These vegetarian kebabs make a great vegetarian barbeque dish. The yoghurt marinade is one of my favourites. It's so tasty, healthy and easy to prepare. Perfect for grilling.
This recipe will make four kebabs.
150mls/5 fl oz/ 2/3 cup of plain yoghurt
1 clove of garlic, crushed
1 teaspoon of ground cumin
1 teaspoon of ground coriander
1/2 teaspoon of paprika
1/2 teaspoon of chilli flakes or chilli powder
1 tablespoon of fresh coriander (cilantro), chopped
salt and pepper
8 small new potatoes or 2 large potatoes, each cut into 4 chunks
1 courgette/zucchini, cut into large chunks
1 yellow pepper, cut into chunks
8 cherry tomatoes
1. To make the yoghurt marinade, simply mix all of the ingredients
together, seasoning to taste.
2. Boil or steam the potatoes till tender but still firm.

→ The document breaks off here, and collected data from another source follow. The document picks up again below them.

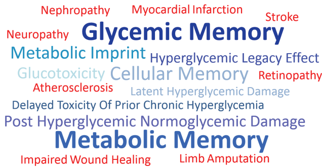
FIGURE 1: Word cloud illustrating diverse nomenclature for glycemic memory and associated diabetic complications.

term which refers to the delayed adverse effects triggered by prior exposure to glucotoxicity, lipotoxicity, and other metabolic imbalances. Because hyperglycemia is considered a key mechanistic driver for diabetic vascular complications and most in vitro experimental models have been based solely on high glucose exposure, here we endorse the term glycemic memory. However, metabolic memory is often used as an interchangeable term to describe this phenomenon, because it has been proposed that more than just tight glucose control is needed to prevent diabetic complications [13]. This review summarizes past and recent research on the role of glycemic memory in the prognosis of diabetic micro and macro vascular complications, covering from experimental in vitro models to human clinical trials. In addition, it discusses the relevance of epigenetics, with particular focus on how this might impact on endothelial progenitors as one of the cellular substrates of glycemic memory.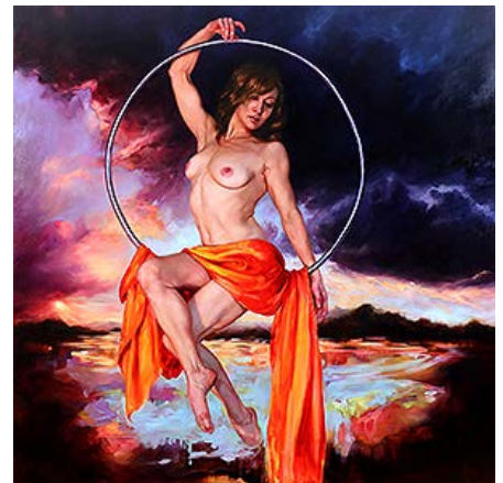
Claire Bridge Future Spill 2015 oil on linen 152cm x 152cm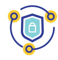
Data and Cyber Security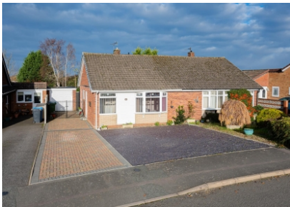
12a Blakeley Heath Drive, Wombourne, Wolverhampton

Drain and allow to cool.
3. Thread the vegetables on to 4 skewers, alternating between potatoes, courgette/zucchini, pepper and tomatoes.
4. Place thevkebabs in a shallow dish or on a sheet of foil. Brush them liberally with the yoghurt sauce.
5. Cook the kebabs over the barbeque or under the grill or broiler. As they cook, you can baste them with any remaining yoghurt sauce.
I like to serve these with some flatbreads that have been warmed on the barbeque. I hope you enjoy them.